-- Provided entries follows --
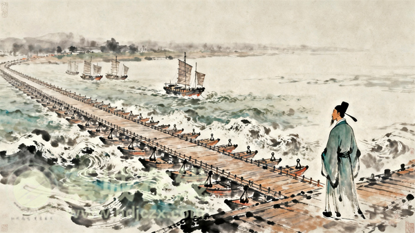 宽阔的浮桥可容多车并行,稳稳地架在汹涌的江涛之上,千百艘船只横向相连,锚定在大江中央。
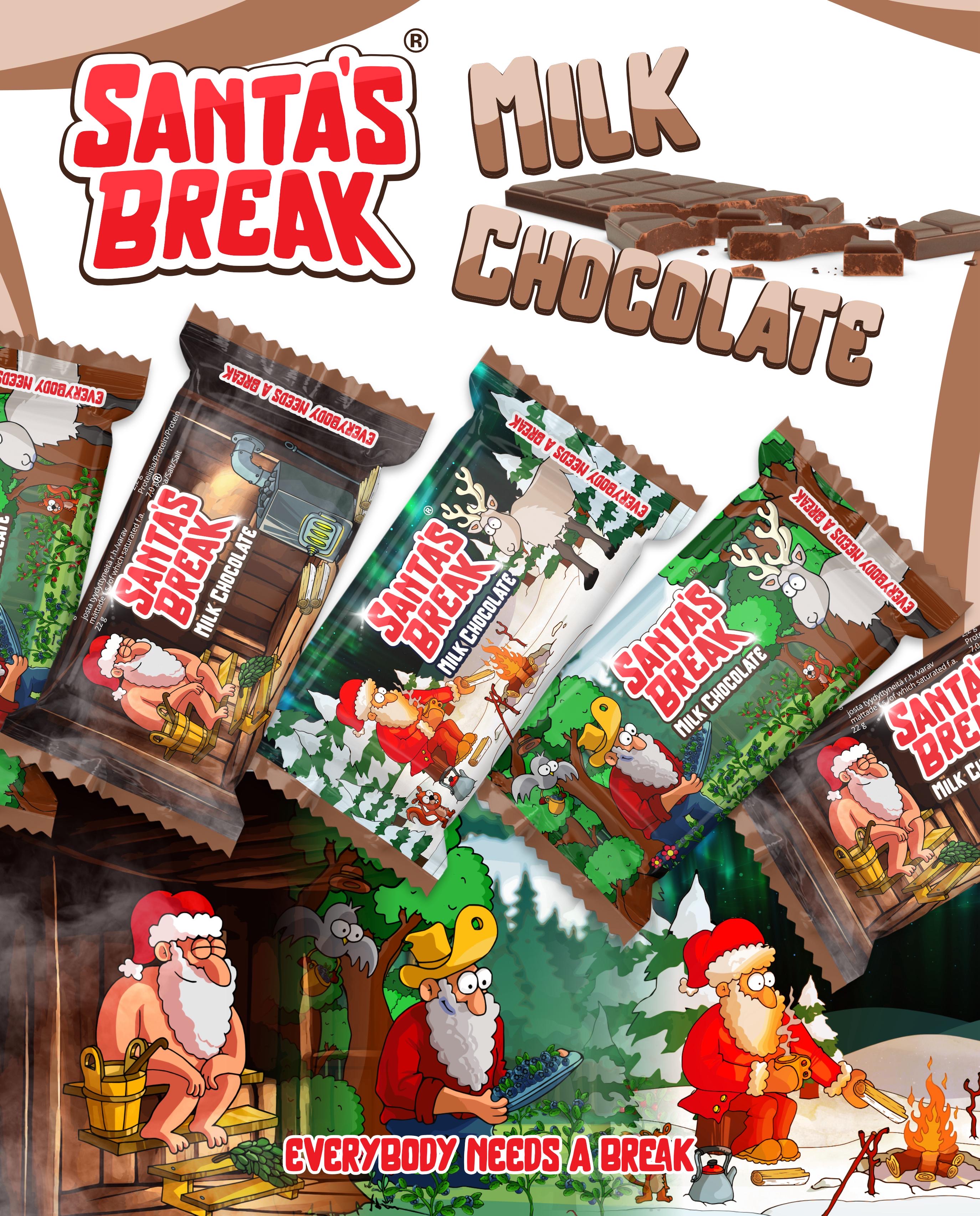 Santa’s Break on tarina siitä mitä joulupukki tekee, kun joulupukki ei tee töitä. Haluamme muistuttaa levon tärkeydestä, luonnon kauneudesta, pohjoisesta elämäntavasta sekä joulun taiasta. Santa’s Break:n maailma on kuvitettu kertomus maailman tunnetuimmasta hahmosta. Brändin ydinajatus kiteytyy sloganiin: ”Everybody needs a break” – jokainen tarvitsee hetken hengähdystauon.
-- Provided entries concluded --
-- Provided entries follows --
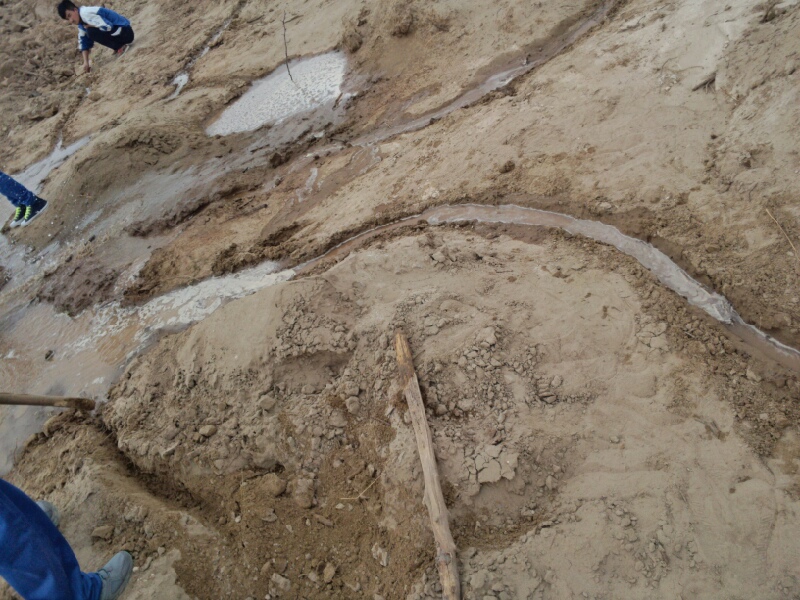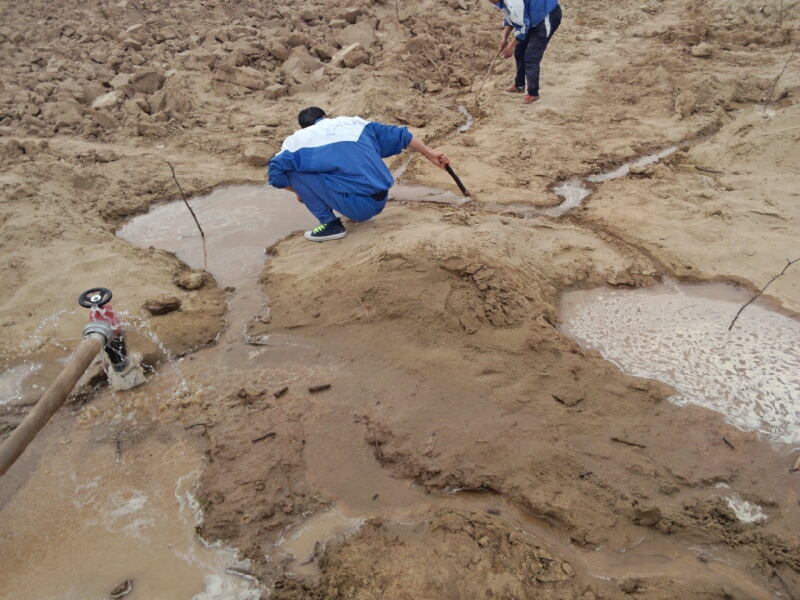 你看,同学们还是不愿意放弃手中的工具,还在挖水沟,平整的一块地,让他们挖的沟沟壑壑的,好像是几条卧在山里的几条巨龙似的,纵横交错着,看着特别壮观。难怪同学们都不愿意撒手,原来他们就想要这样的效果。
-- Provided entries concluded --
-- Provided entries follows --
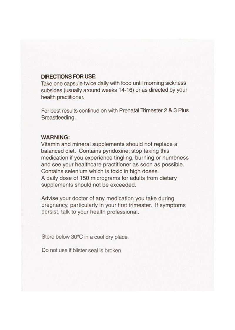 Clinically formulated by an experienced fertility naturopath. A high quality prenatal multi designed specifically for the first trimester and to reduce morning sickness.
-- Provided entries concluded --
For this exercise, return exactly the lines above from the line with "宽阔的浮桥可容多车并行,稳稳" through the line with "Santa’s Break on", both included. Do not copy the pictures.

 宽阔的浮桥可容多车并行,稳稳地架在汹涌的江涛之上,千百艘船只横向相连,锚定在大江中央。
 Santa’s Break on tarina siitä mitä joulupukki tekee, kun joulupukki ei tee töitä. Haluamme muistuttaa levon tärkeydestä, luonnon kauneudesta, pohjoisesta elämäntavasta sekä joulun taiasta. Santa’s Break:n maailma on kuvitettu kertomus maailman tunnetuimmasta hahmosta. Brändin ydinajatus kiteytyy sloganiin: ”Everybody needs a break” – jokainen tarvitsee hetken hengähdystauon.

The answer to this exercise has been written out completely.